# Import Libraries

In [None]:
import numpy as np
import pandas as pd
import seaborn as sns
import matplotlib.pyplot as plt
from sklearn.model_selection import train_test_split
from sklearn.preprocessing import LabelEncoder,StandardScaler
from sklearn import metrics
from sklearn.metrics import roc_auc_score, roc_curve, confusion_matrix, ConfusionMatrixDisplay, classification_report, accuracy_score
from sklearn.svm import SVC
from xgboost import XGBClassifier
from sklearn.linear_model import LogisticRegression
from imblearn.over_sampling import RandomOverSampler

import warnings
warnings.filterwarnings('ignore')

In [None]:
df= pd.read_csv("/kaggle/input/autismprediction/train.csv")
test= pd.read_csv("/kaggle/input/autismprediction/test.csv")

In [None]:
df.head()

# Data Preparation and Cleaning

In [None]:
df.shape

In [None]:
df.info()

In [None]:
df.describe().T

In [None]:
df.isnull().sum()

In [None]:
df['ethnicity'].value_counts()

In [None]:
df['relation'].value_counts()

In [None]:
df = df.replace({'yes':1, 'no':0, '?':'Others', 'others':'Others'})

In [None]:
plt.pie(df['Class/ASD'].value_counts().values, autopct='%1.1f%%')
plt.show()

In [None]:
ints = []
objects = []
floats = []

for col in df.columns:
  if df[col].dtype == int:
    ints.append(col)
  elif df[col].dtype == object:
    objects.append(col)
  else:
    floats.append(col)

In [None]:
ints

In [None]:
floats

In [None]:
objects

In [None]:
ints.remove('ID')
ints.remove('Class/ASD')

# Exploratory Analysis and Visualization

In [None]:
# Convert the data to long-form using melt
df_melted = df.melt(id_vars=['ID', 'Class/ASD'], value_vars=ints, var_name='col', value_name='value')

plt.subplots(figsize=(15,15))

for i, col in enumerate(ints):
  plt.subplot(5,3,i+1)
  # Use the melted DataFrame and specify x and hue
  sns.countplot(x='value', hue='Class/ASD', data=df_melted[df_melted['col'] == col])

plt.tight_layout()
plt.show()

In [None]:
plt.subplots(figsize=(15, 30))

for i, col in enumerate(objects):
    plt.subplot(5, 3, i+1)
    # Convert the data to long-form for the specific column
    df_melted = df.melt(id_vars=['Class/ASD'], value_vars=[col], var_name='col', value_name='value')

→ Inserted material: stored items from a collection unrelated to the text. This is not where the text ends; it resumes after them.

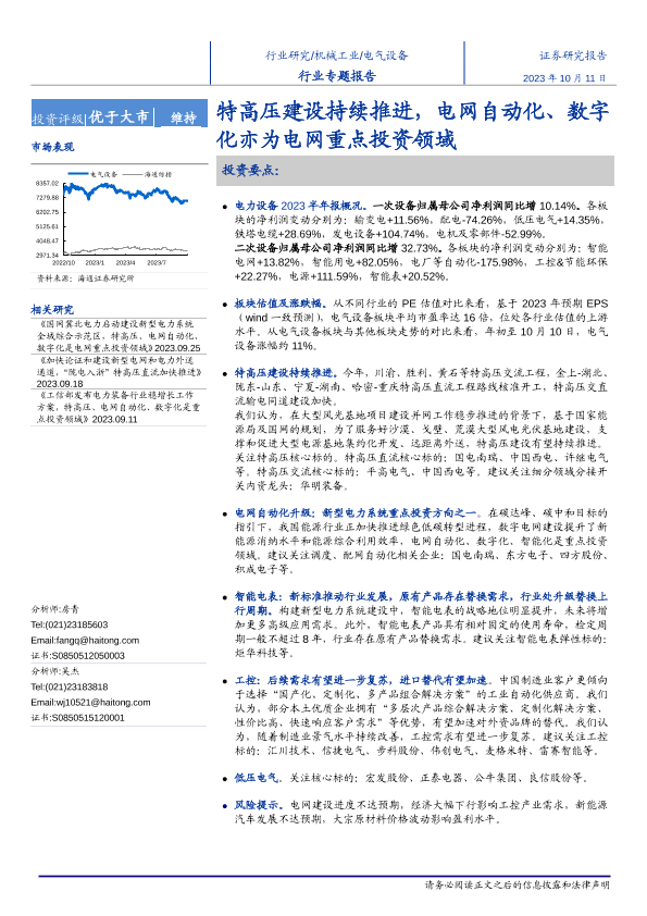 【海通证券】【20231011】电气设备行业专题报告:特高压建设持续推进,电网自动化、数字化亦为电网重点投资领域-25页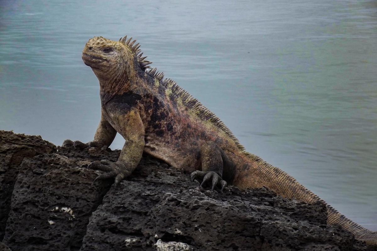 Esta especie de iguana es única ya que es otra especie endémica de Ecuador, específicamente del área insular, en el archipiélago de Galápagos. Las dimensiones van desde los 60 cm hasta unos 1,3 metros, siendo los machos más grandes que las hembras. La coloración es gris oscuro a negro y está perfectamente adaptada para permanecer hasta 45 minutos bajo el agua. Está clasificada en la categoría de vulnerable.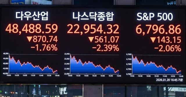 20일(현지시간) 뉴욕증권거래소에서 다우지수는 전 거래일 대비 870.74포인트(1.76%) 내린 48488.59에 거래를 마쳤다. 대형주 중심의 S&P500지수는 143.15포인트(2.06%) 하락한 6796.86을 기록하며 6800선이 붕괴됐다. 기술주 위주의 나스닥 지수는 낙폭이 더 컸다. 561.07포인트(2.39%) 밀린 22954.32로 장을 마감하며 3대 지수 모두 일제히 우하향 곡선을 그렸다.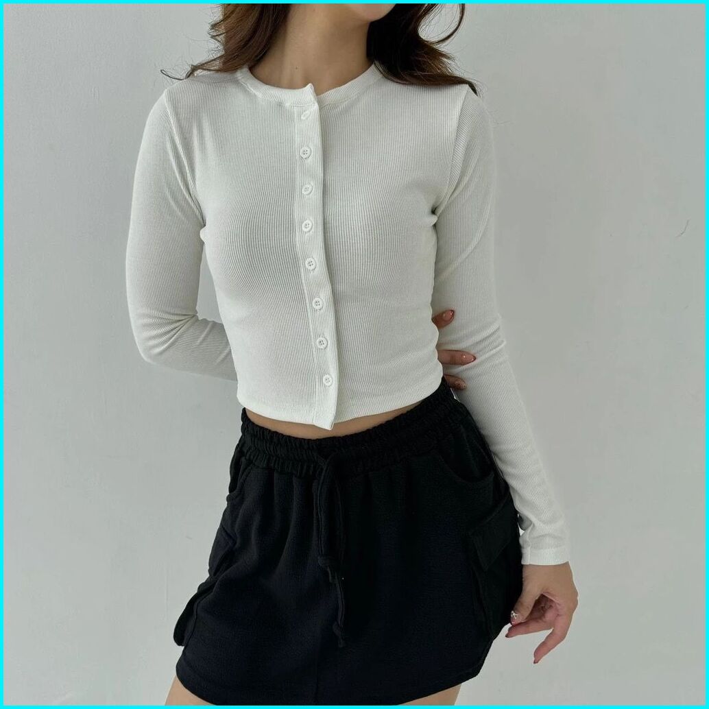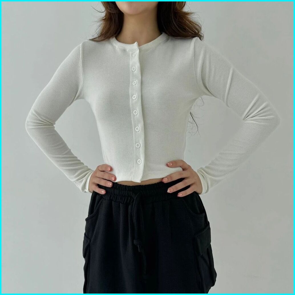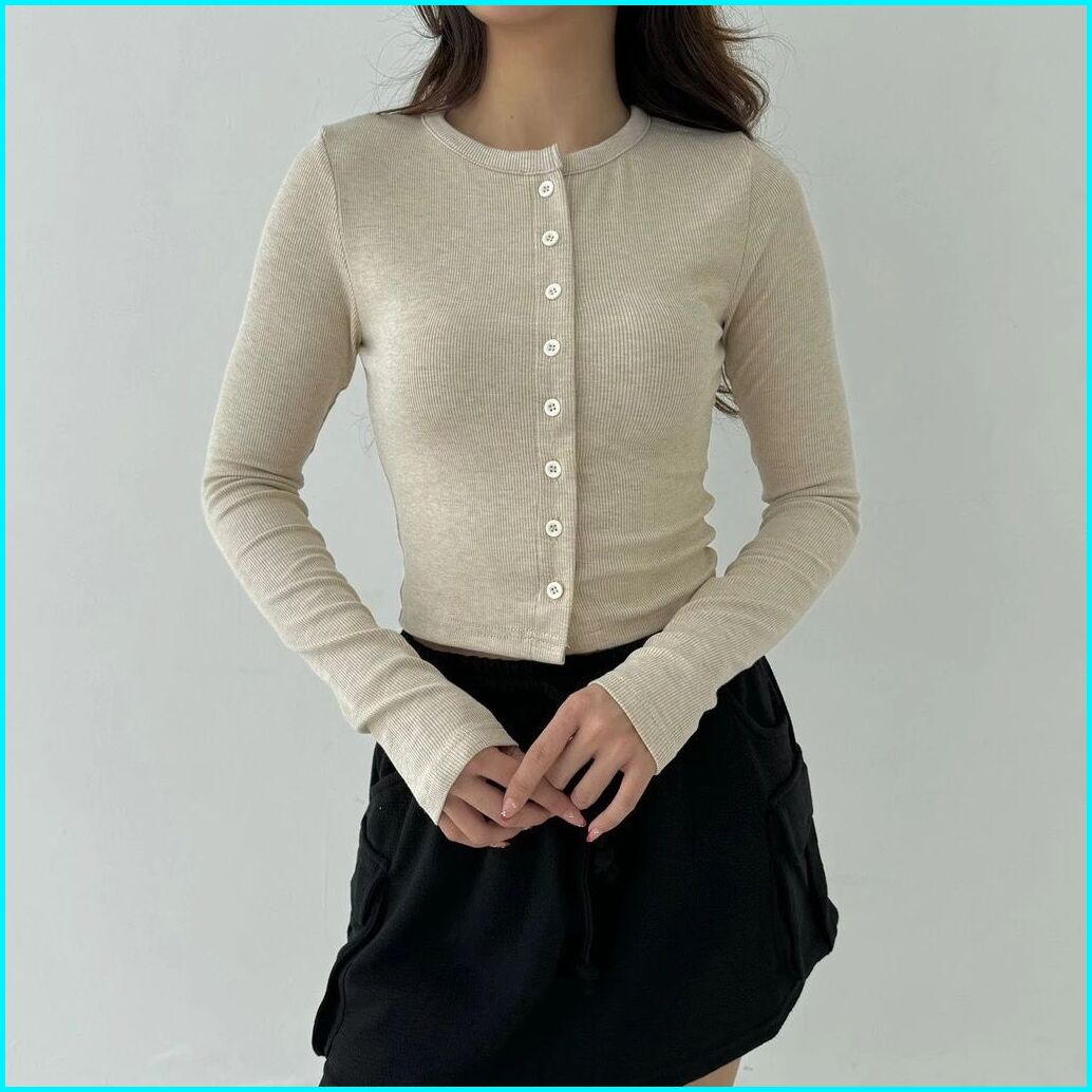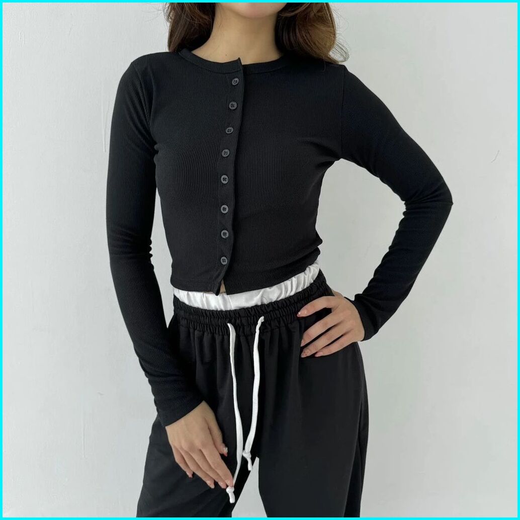 Virgo Crop Top Atasan Wanita Korean Style Top Baju Knit Lengan Panjang Basic Long Sleeve

    # Use the melted DataFrame and specify x and hue
    sns.countplot(x='value', hue='Class/ASD', data=df_melted)
    plt.xticks(rotation=60)

plt.tight_layout()
plt.show()

In [None]:
plt.figure(figsize=(15,5))
sns.countplot(data=df, x='contry_of_res', hue='Class/ASD')
plt.xticks(rotation=90)
plt.show()

In [None]:
plt.subplots(figsize=(15,5))

for i, col in enumerate(floats):
  plt.subplot(1,2,i+1)
  sns.distplot(df[col])
plt.tight_layout()
plt.show()

In [None]:
plt.subplots(figsize=(15,5))

for i, col in enumerate(floats):
  plt.subplot(1,2,i+1)
  sns.boxplot(df[col])
plt.tight_layout()
plt.show()

In [None]:
df = df[df['result']>-5]
df.shape

In [None]:
# This functions make groups by taking
# the age as a parameter
def convertAge(age):
    if age < 4:
        return 'Toddler'
    elif age < 12:
        return 'Kid'
    elif age < 18:
        return 'Teenager'
    elif age < 40:
        return 'Young'
    else:
        return 'Senior'

df['ageGroup'] = df['age'].apply(convertAge)


In [None]:
sns.countplot(x=df['ageGroup'], hue=df['Class/ASD'])
plt.show()

In [None]:
def add_feature(data):

  # Creating a column with all values zero
  data['sum_score'] = 0
  for col in data.loc[:,'A1_Score':'A10_Score'].columns:

    # Updating the 'sum_score' value with scores
    # from A1 to A10
    data['sum_score'] += data[col]

  # Creating a random data using the below three columns
  data['ind'] = data['austim'] + data['used_app_before'] + data['jaundice']

  return data

df = add_feature(df)

In [None]:
sns.countplot(x=df['sum_score'], hue=df['Class/ASD'])
plt.show()

In [None]:
# Applying log transformations to remove the skewness of the data.
df['age'] = df['age'].apply(lambda x: np.log(x))

In [None]:
sns.distplot(df['age'])
plt.show()

In [None]:
def encode_labels(data):
    for col in data.columns:

      # Here we will check if datatype
      # is object then we will encode it
      if data[col].dtype == 'object':
        le = LabelEncoder()
        data[col] = le.fit_transform(data[col])

    return data

df = encode_labels(df)

# Making a heatmap to visualize the correlation matrix
plt.figure(figsize=(10,10))
sns.heatmap(df.corr() > 0.8, annot=True, cbar=False)
plt.title('Correlation Matrix Heatmap') 
plt.show()

# Modeling

In [None]:
removal = ['ID', 'age_desc', 'used_app_before', 'austim']
features = df.drop(removal + ['Class/ASD'], axis=1)
target = df['Class/ASD']

In [None]:
X_train, X_val, Y_train, Y_val = train_test_split(features, target, test_size = 0.2, random_state=10)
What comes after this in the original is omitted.